Exercise goal: All lines below starting at the one that holds "Das Appartement bietet" and ending at the one that holds "在新劇發布後,眼尖的網友紛紛" should be printed exactly, ends included. Pictures should not be printed, nor anything else.

Data excerpts
▶

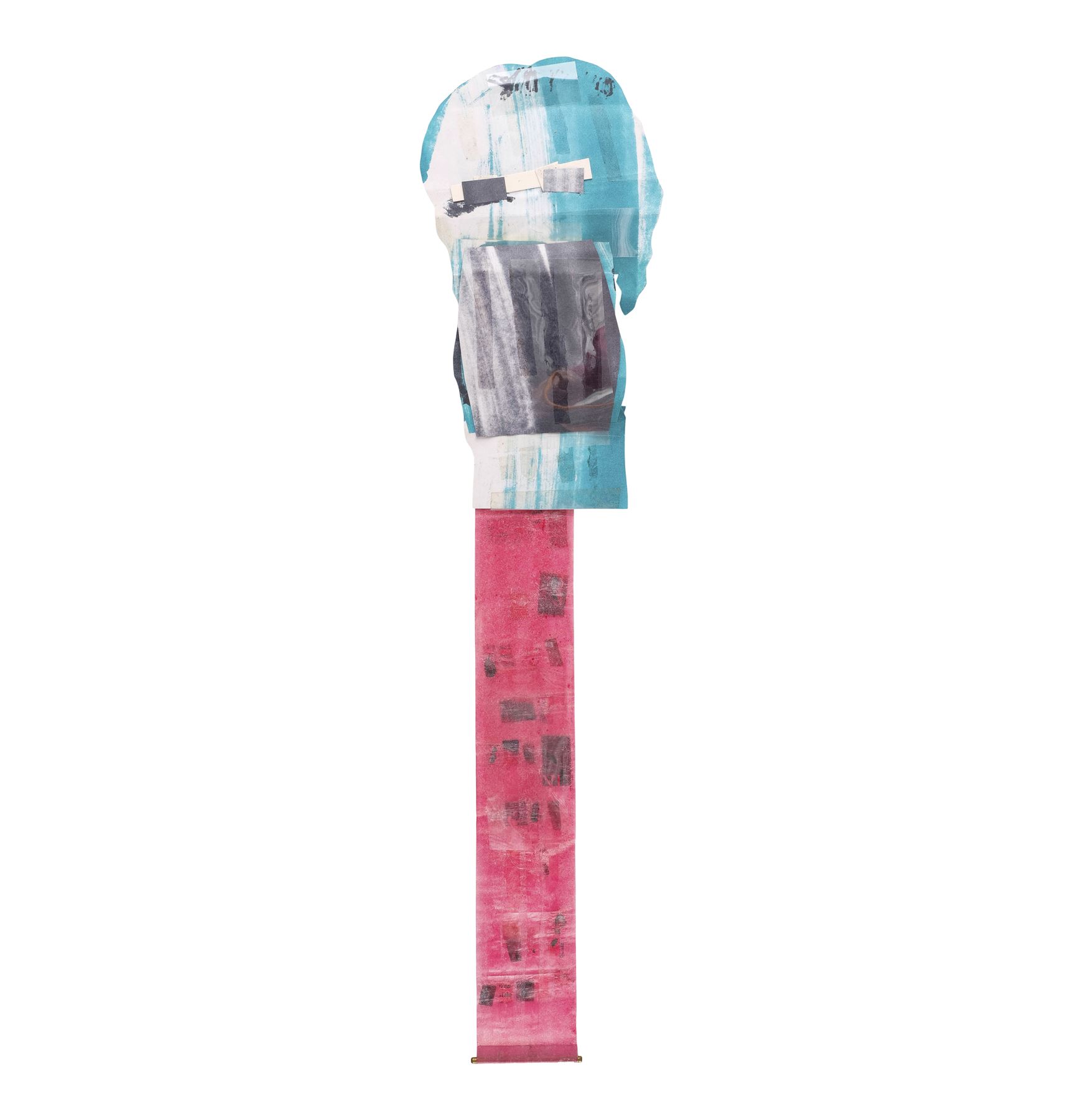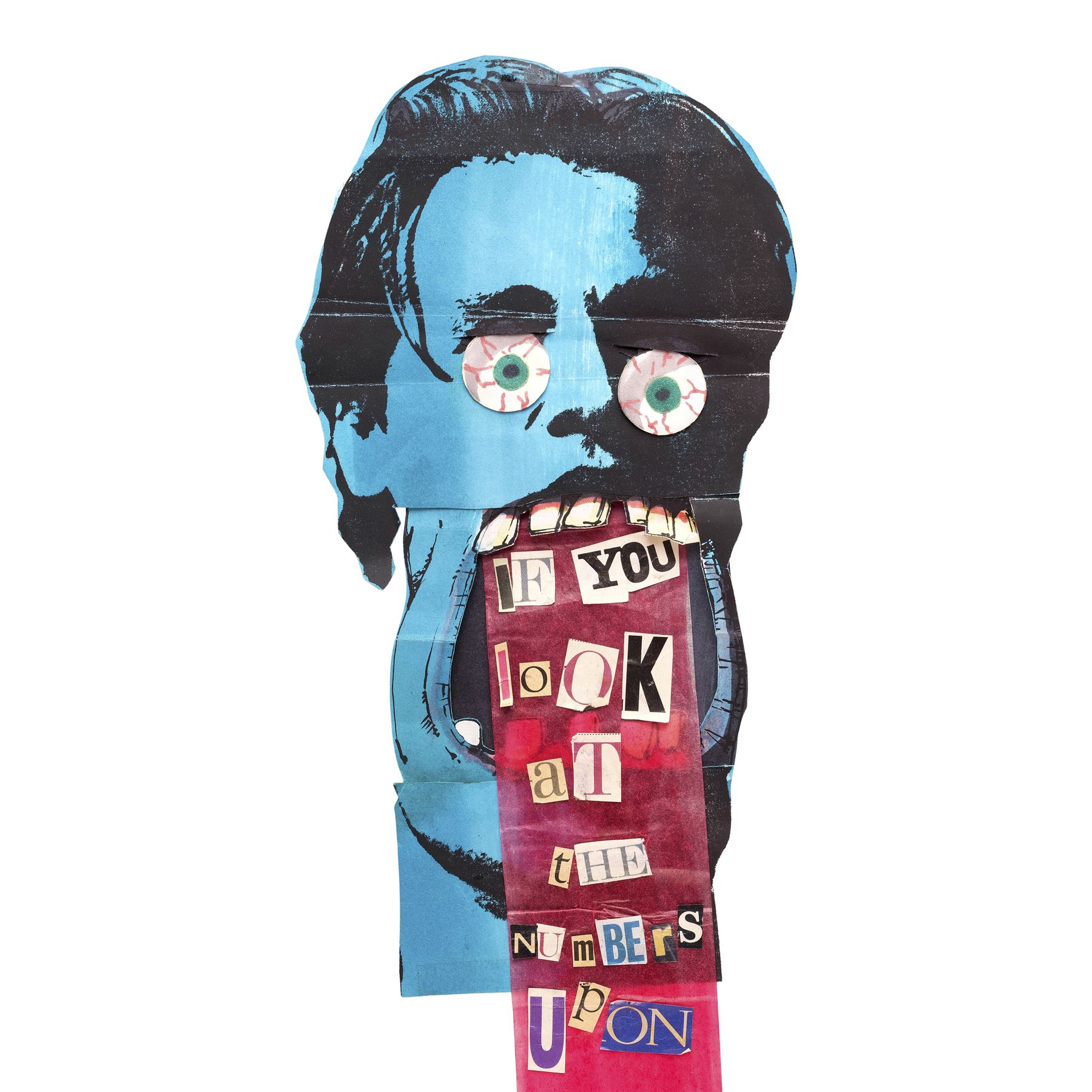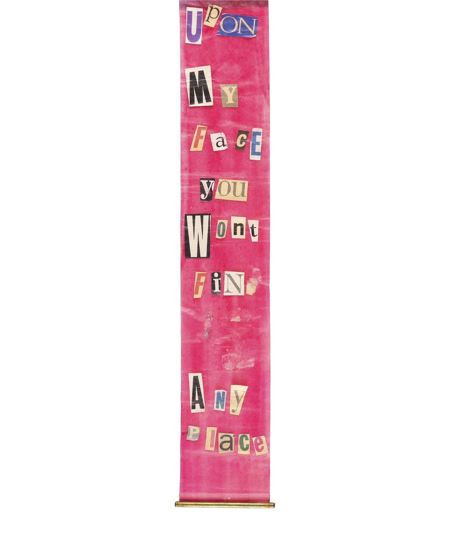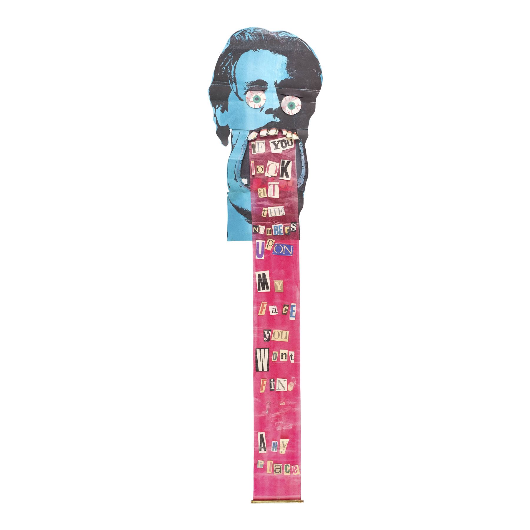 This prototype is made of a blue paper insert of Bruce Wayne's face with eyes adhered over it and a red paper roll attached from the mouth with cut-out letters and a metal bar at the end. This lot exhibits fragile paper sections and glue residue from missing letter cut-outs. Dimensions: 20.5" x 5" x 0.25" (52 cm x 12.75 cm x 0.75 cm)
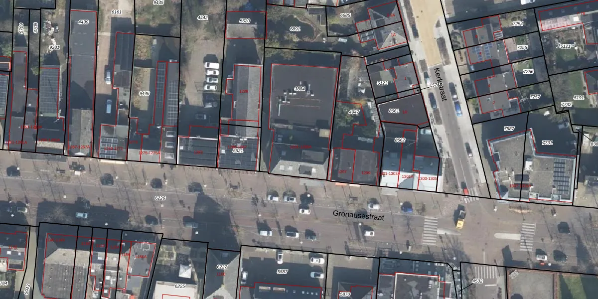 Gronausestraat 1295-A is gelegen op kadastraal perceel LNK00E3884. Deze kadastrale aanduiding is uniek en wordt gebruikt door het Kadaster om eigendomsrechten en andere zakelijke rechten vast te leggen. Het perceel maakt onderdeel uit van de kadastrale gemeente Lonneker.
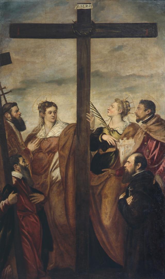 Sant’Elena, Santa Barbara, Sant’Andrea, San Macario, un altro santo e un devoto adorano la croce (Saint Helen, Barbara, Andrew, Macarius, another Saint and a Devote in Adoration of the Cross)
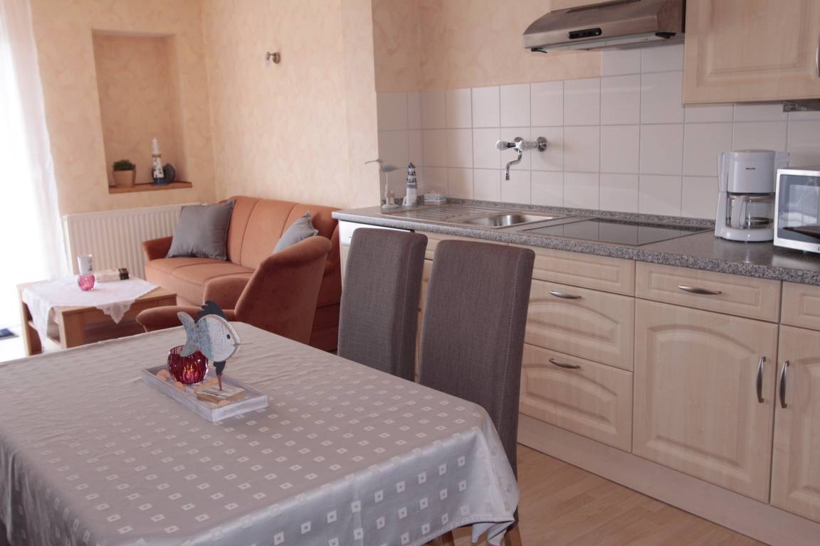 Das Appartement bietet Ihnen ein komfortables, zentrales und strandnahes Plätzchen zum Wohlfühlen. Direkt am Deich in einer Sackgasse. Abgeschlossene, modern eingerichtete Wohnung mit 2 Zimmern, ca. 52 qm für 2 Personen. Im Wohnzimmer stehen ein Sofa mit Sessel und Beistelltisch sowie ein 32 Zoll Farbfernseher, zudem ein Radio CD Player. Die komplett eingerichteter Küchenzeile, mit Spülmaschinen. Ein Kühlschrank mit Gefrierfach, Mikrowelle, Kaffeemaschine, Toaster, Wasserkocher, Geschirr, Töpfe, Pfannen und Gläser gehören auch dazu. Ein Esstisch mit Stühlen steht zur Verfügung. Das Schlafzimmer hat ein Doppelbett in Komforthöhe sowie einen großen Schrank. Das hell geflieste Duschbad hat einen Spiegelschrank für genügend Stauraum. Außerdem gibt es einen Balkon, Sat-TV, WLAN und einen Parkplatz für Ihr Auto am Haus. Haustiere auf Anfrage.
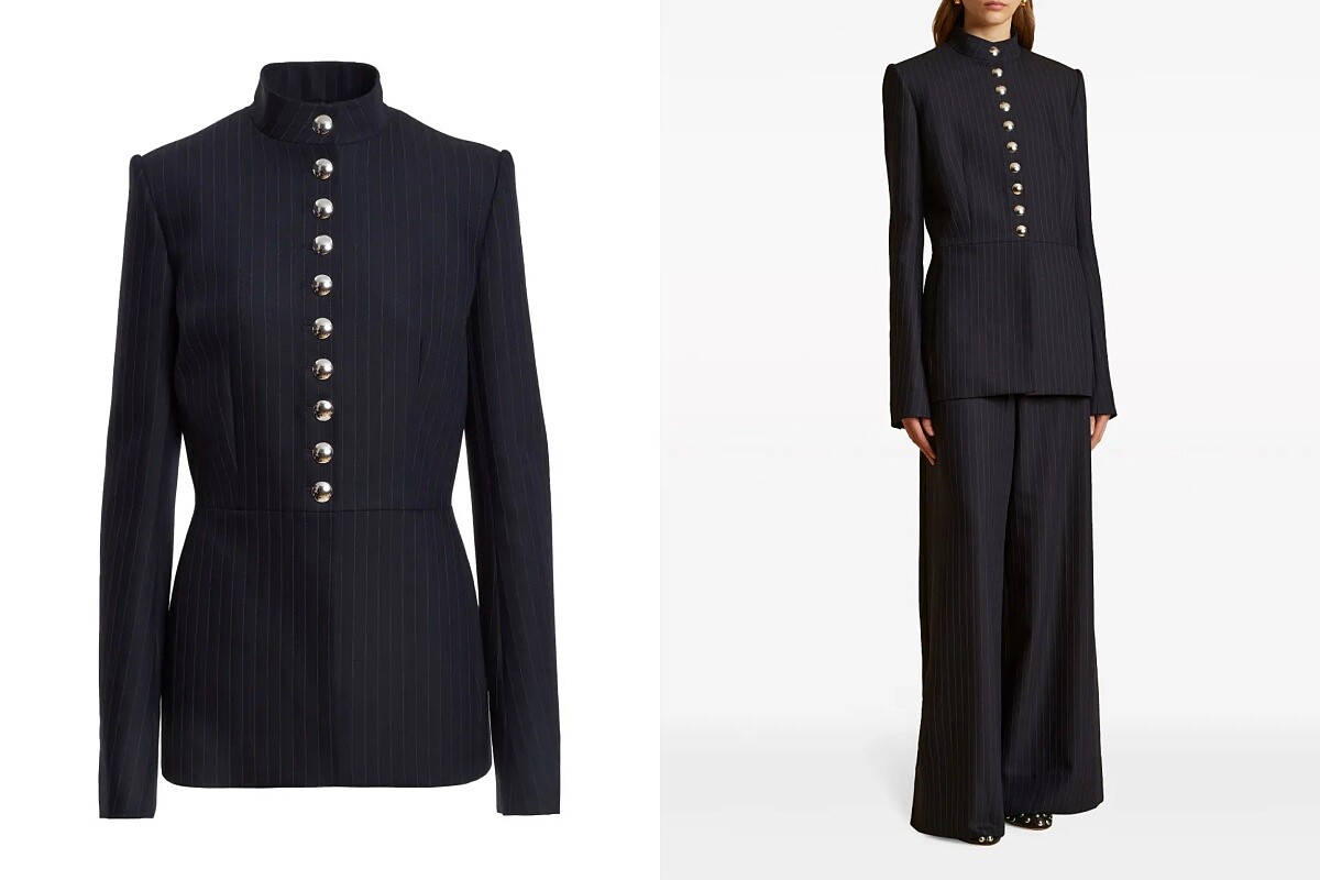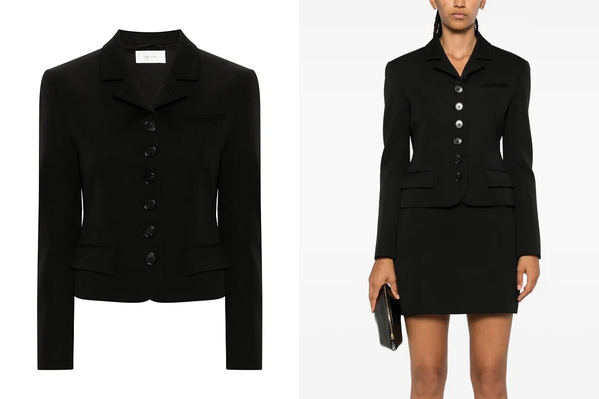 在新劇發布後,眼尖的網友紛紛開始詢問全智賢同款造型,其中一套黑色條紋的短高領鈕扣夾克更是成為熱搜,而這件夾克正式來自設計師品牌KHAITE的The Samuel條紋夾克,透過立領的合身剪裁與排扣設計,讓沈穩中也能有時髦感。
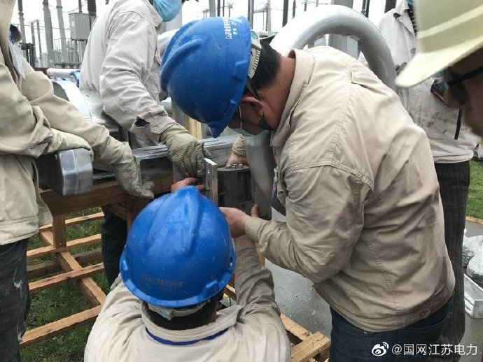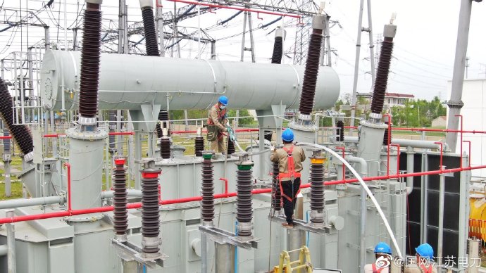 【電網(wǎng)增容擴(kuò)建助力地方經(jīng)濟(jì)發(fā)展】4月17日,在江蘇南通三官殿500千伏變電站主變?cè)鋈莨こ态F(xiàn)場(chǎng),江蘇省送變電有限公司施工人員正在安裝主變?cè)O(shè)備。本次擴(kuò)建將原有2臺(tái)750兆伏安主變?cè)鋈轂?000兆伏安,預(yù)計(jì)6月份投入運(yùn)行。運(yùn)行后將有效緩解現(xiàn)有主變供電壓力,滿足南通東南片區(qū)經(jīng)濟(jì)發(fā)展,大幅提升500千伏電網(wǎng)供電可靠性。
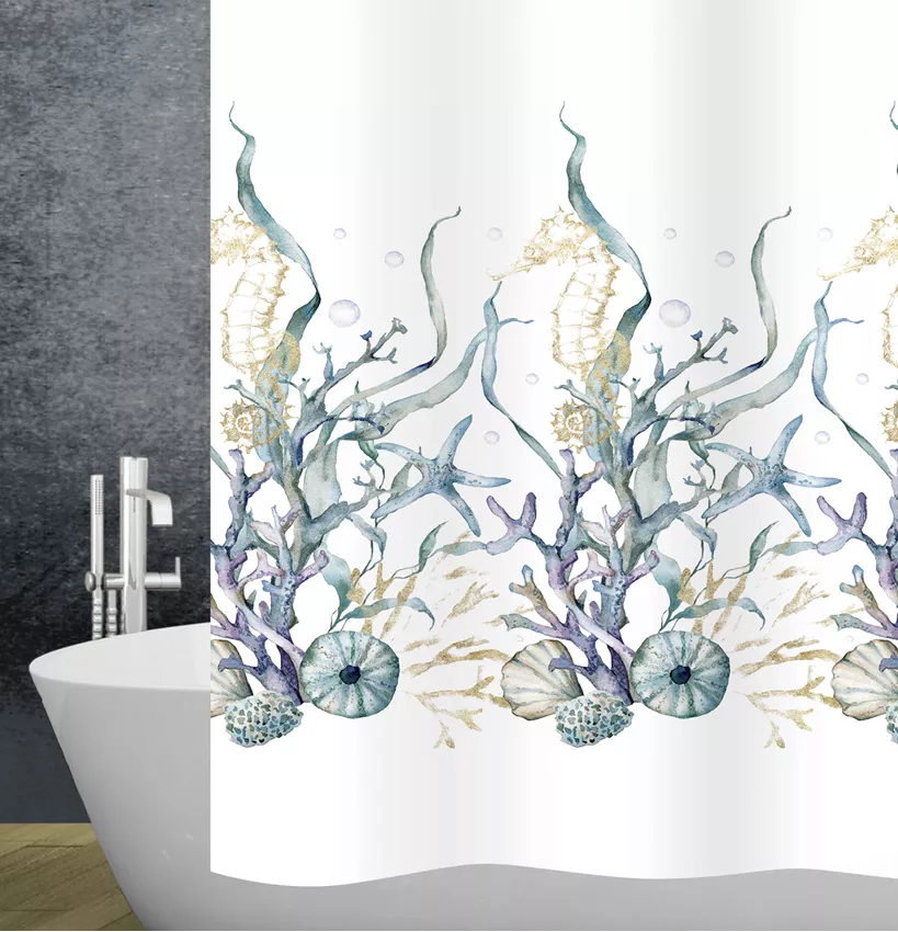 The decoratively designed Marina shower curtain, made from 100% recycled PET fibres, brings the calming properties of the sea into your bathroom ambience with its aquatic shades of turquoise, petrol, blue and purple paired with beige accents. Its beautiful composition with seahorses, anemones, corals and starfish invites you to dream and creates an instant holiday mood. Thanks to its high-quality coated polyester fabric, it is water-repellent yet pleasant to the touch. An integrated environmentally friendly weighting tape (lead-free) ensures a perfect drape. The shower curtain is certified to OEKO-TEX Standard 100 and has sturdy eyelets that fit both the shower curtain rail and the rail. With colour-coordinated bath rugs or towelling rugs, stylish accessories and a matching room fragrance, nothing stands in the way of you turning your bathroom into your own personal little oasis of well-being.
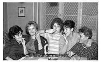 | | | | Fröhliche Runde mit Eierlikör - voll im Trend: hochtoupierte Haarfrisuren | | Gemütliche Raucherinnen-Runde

◀

Output of the task:
 Das Appartement bietet Ihnen ein komfortables, zentrales und strandnahes Plätzchen zum Wohlfühlen. Direkt am Deich in einer Sackgasse. Abgeschlossene, modern eingerichtete Wohnung mit 2 Zimmern, ca. 52 qm für 2 Personen. Im Wohnzimmer stehen ein Sofa mit Sessel und Beistelltisch sowie ein 32 Zoll Farbfernseher, zudem ein Radio CD Player. Die komplett eingerichteter Küchenzeile, mit Spülmaschinen. Ein Kühlschrank mit Gefrierfach, Mikrowelle, Kaffeemaschine, Toaster, Wasserkocher, Geschirr, Töpfe, Pfannen und Gläser gehören auch dazu. Ein Esstisch mit Stühlen steht zur Verfügung. Das Schlafzimmer hat ein Doppelbett in Komforthöhe sowie einen großen Schrank. Das hell geflieste Duschbad hat einen Spiegelschrank für genügend Stauraum. Außerdem gibt es einen Balkon, Sat-TV, WLAN und einen Parkplatz für Ihr Auto am Haus. Haustiere auf Anfrage.
 在新劇發布後,眼尖的網友紛紛開始詢問全智賢同款造型,其中一套黑色條紋的短高領鈕扣夾克更是成為熱搜,而這件夾克正式來自設計師品牌KHAITE的The Samuel條紋夾克,透過立領的合身剪裁與排扣設計,讓沈穩中也能有時髦感。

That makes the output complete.